**What you need to do:**
Give every line of the material back exactly, images removed.

START Given entries

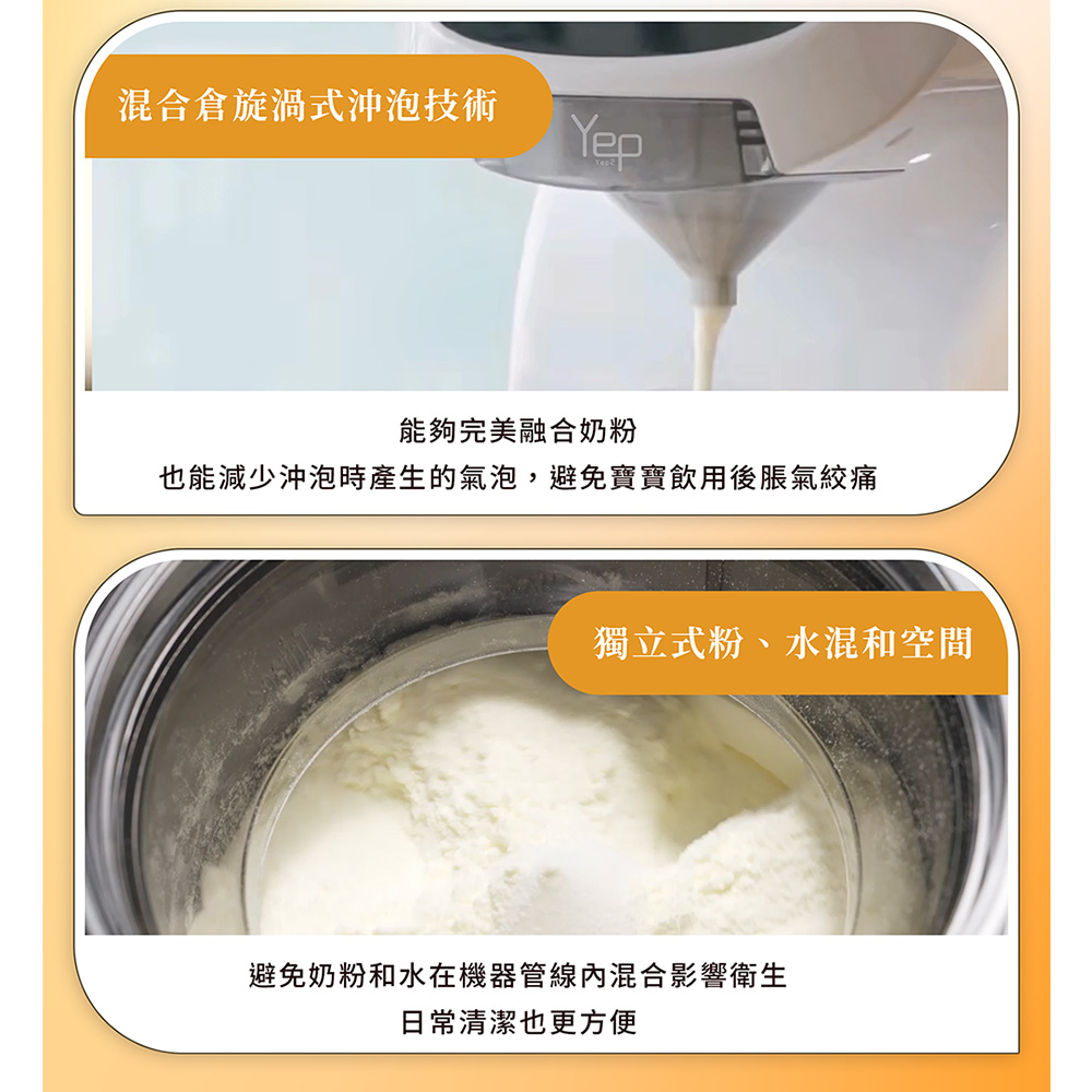 Yep2智能自動泡奶機是一款結合APP操作,可以一鍵控制機器自動泡奶的電器用品,且操作過程只需要一個指令,即可滿足所有泡奶流程,包含熱水控溫、奶粉控量、粉水融合等等步驟,無泡奶需求時也可當作一般智能溫控熱水機使用。避免寶寶在高頻率哭鬧要奶時,繁瑣的傳統泡奶程序讓每位爸爸媽媽焦頭爛額,一機不但輕鬆滿足寶寶一天10-12次的奶量需求,也可以幫助爸爸媽媽極簡化過多的泡奶流程。
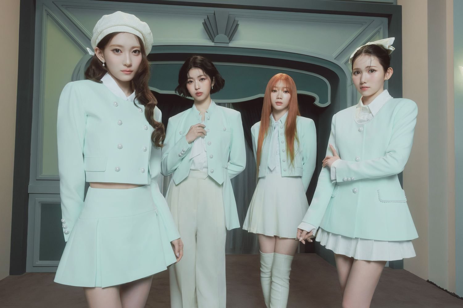 本日公開された新ビジュアルでは、これまでのクールなイメージを一新。柔らかなミントカラーを基調としたジャケットを身に纏い、凛とした気品が漂うクラシカルなIS:SUEの姿が描き出されている。過去作の鋭い雰囲気から打って変わり、優雅で洗練された佇まいは、彼女たちが新たな表現のフェーズへと突入したことを予感させる。
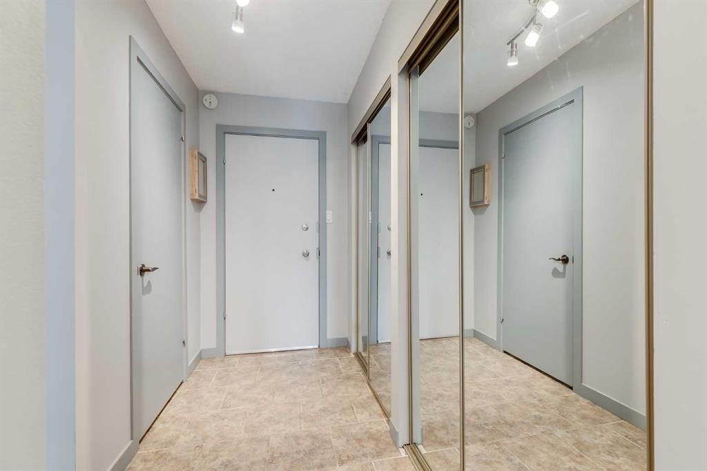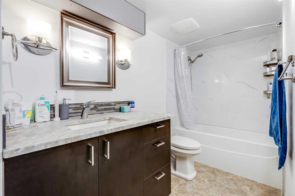 Welcome to this beautifully maintained home in the highly sought-after inner-city community of Windsor Park. With thoughtful upgrades throughout, this unit offers both comfort and convenience. Step into the open-concept layout, where a bright and spacious living room features a striking stone-and-wood accent wall with customizable LED lighting. The modern galley kitchen is a true showpiece, boasting granite countertops, full-height cabinetry, soft-close drawers, a sleek tile backsplash, and stainless steel appliances. Just off the kitchen, the dining area easily accommodates a large table perfect for family dinners or entertaining guests. Enjoy your own private balcony overlooking a quiet, tree-lined street, an ideal retreat for morning coffee or evening relaxation. This is the most desirable unit in the building, offering the rare combination of in-suite laundry and a covered parking stall. Located just steps from the Chinook C-Train station and one block from Chinook Centre, with quick access to Macleod Trail and downtown, this condo provides the ultimate urban lifestyle.
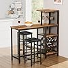VECELO Bar Table and Chairs Set for 2, 3-Piece Dining Set with Storage Shelves, Cup Holder & Wine Rack, PU Leather Cushion Stools, for Kitchen Small Space, Brown
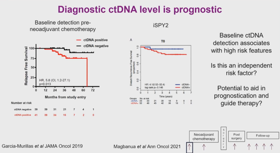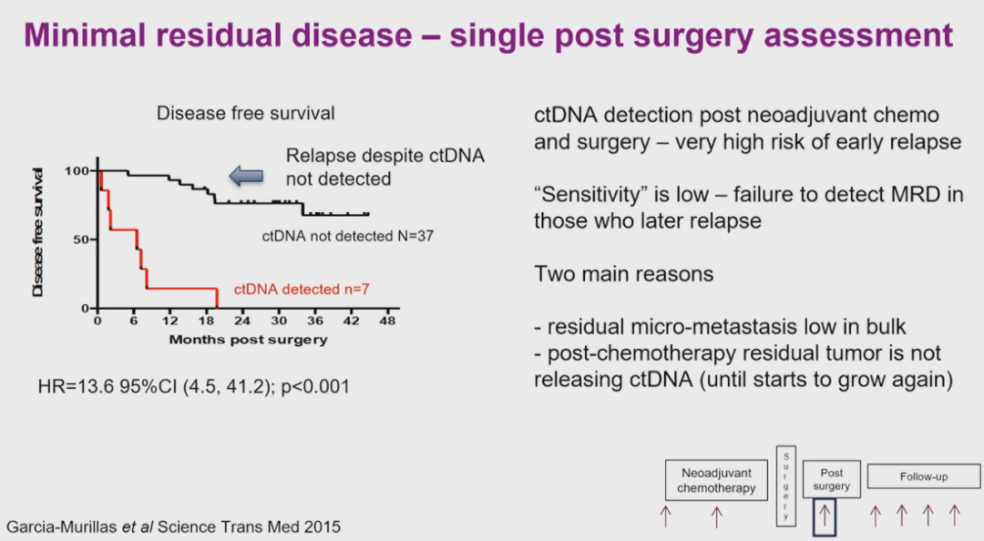 ctDNA可用于新辅助和手术后(接受辅助治疗前)的复发风险评估。Garcia-Murillas等人(Science Trans Med.2015)报道的小样本研究显示,相较于术后未检测到ctDNA者,检测到ctDNA者的疾病风险显著增加12倍多(HR 13.6)。但Turner教授认为,ctDNA在迟发性复发患者中的敏感性仍较低,可能由于仅有散在的微小转移残存疾病;经过新辅助化疗,残存肿瘤无法释放ctDNA。
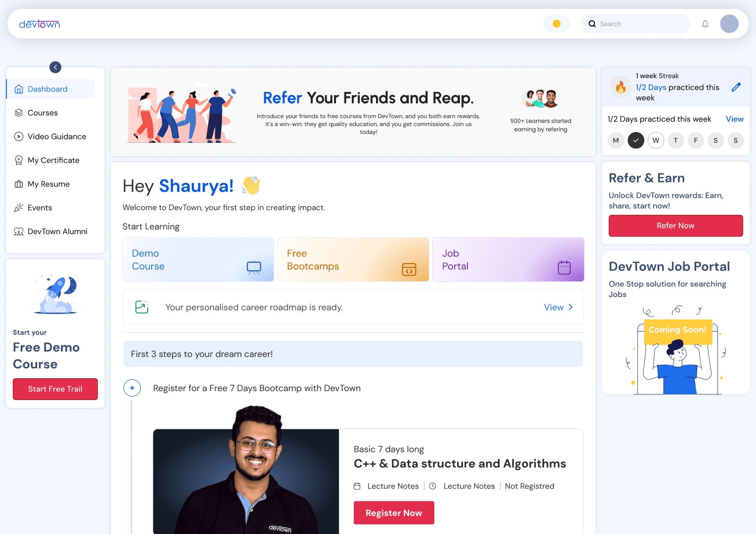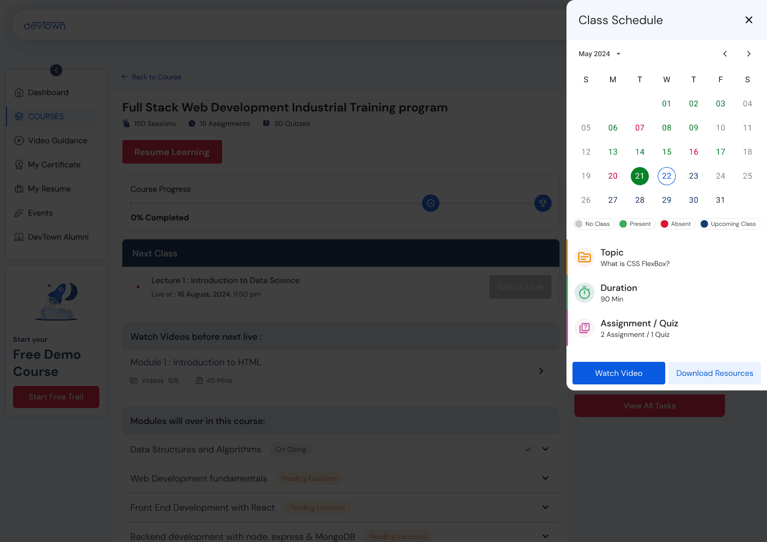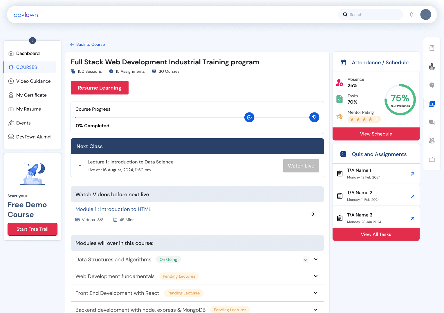 The Learning and Management System (LMS) for DevTown was developed to cater to the needs of both paid and non-paid users, focusing on providing an efficient, modern, and user-friendly platform. DevTown is an education and research-based company offering online tech courses and free bootcamps. The LMS was designed to improve user engagement, streamline workflows, and provide better support for both students and administrators.
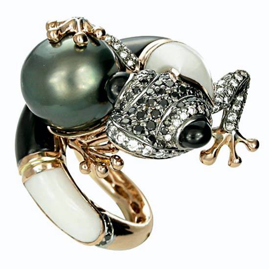 The dazzling ring flaunts an exclusive appearance of a vivid lizard holding a white pearl. The 18K rose gold is complemented by twinkling black and white diamonds, defining the true meanings of luxury and class. Embrace the beauty and sophistication of this 18K rose gold ring and be the admirable queen of the night.

END Given entries

**Response:**
 Yep2智能自動泡奶機是一款結合APP操作,可以一鍵控制機器自動泡奶的電器用品,且操作過程只需要一個指令,即可滿足所有泡奶流程,包含熱水控溫、奶粉控量、粉水融合等等步驟,無泡奶需求時也可當作一般智能溫控熱水機使用。避免寶寶在高頻率哭鬧要奶時,繁瑣的傳統泡奶程序讓每位爸爸媽媽焦頭爛額,一機不但輕鬆滿足寶寶一天10-12次的奶量需求,也可以幫助爸爸媽媽極簡化過多的泡奶流程。
 本日公開された新ビジュアルでは、これまでのクールなイメージを一新。柔らかなミントカラーを基調としたジャケットを身に纏い、凛とした気品が漂うクラシカルなIS:SUEの姿が描き出されている。過去作の鋭い雰囲気から打って変わり、優雅で洗練された佇まいは、彼女たちが新たな表現のフェーズへと突入したことを予感させる。
 Welcome to this beautifully maintained home in the highly sought-after inner-city community of Windsor Park. With thoughtful upgrades throughout, this unit offers both comfort and convenience. Step into the open-concept layout, where a bright and spacious living room features a striking stone-and-wood accent wall with customizable LED lighting. The modern galley kitchen is a true showpiece, boasting granite countertops, full-height cabinetry, soft-close drawers, a sleek tile backsplash, and stainless steel appliances. Just off the kitchen, the dining area easily accommodates a large table perfect for family dinners or entertaining guests. Enjoy your own private balcony overlooking a quiet, tree-lined street, an ideal retreat for morning coffee or evening relaxation. This is the most desirable unit in the building, offering the rare combination of in-suite laundry and a covered parking stall. Located just steps from the Chinook C-Train station and one block from Chinook Centre, with quick access to Macleod Trail and downtown, this condo provides the ultimate urban lifestyle.
VECELO Bar Table and Chairs Set for 2, 3-Piece Dining Set with Storage Shelves, Cup Holder & Wine Rack, PU Leather Cushion Stools, for Kitchen Small Space, Brown
 ctDNA可用于新辅助和手术后(接受辅助治疗前)的复发风险评估。Garcia-Murillas等人(Science Trans Med.2015)报道的小样本研究显示,相较于术后未检测到ctDNA者,检测到ctDNA者的疾病风险显著增加12倍多(HR 13.6)。但Turner教授认为,ctDNA在迟发性复发患者中的敏感性仍较低,可能由于仅有散在的微小转移残存疾病;经过新辅助化疗,残存肿瘤无法释放ctDNA。
 The Learning and Management System (LMS) for DevTown was developed to cater to the needs of both paid and non-paid users, focusing on providing an efficient, modern, and user-friendly platform. DevTown is an education and research-based company offering online tech courses and free bootcamps. The LMS was designed to improve user engagement, streamline workflows, and provide better support for both students and administrators.
 The dazzling ring flaunts an exclusive appearance of a vivid lizard holding a white pearl. The 18K rose gold is complemented by twinkling black and white diamonds, defining the true meanings of luxury and class. Embrace the beauty and sophistication of this 18K rose gold ring and be the admirable queen of the night.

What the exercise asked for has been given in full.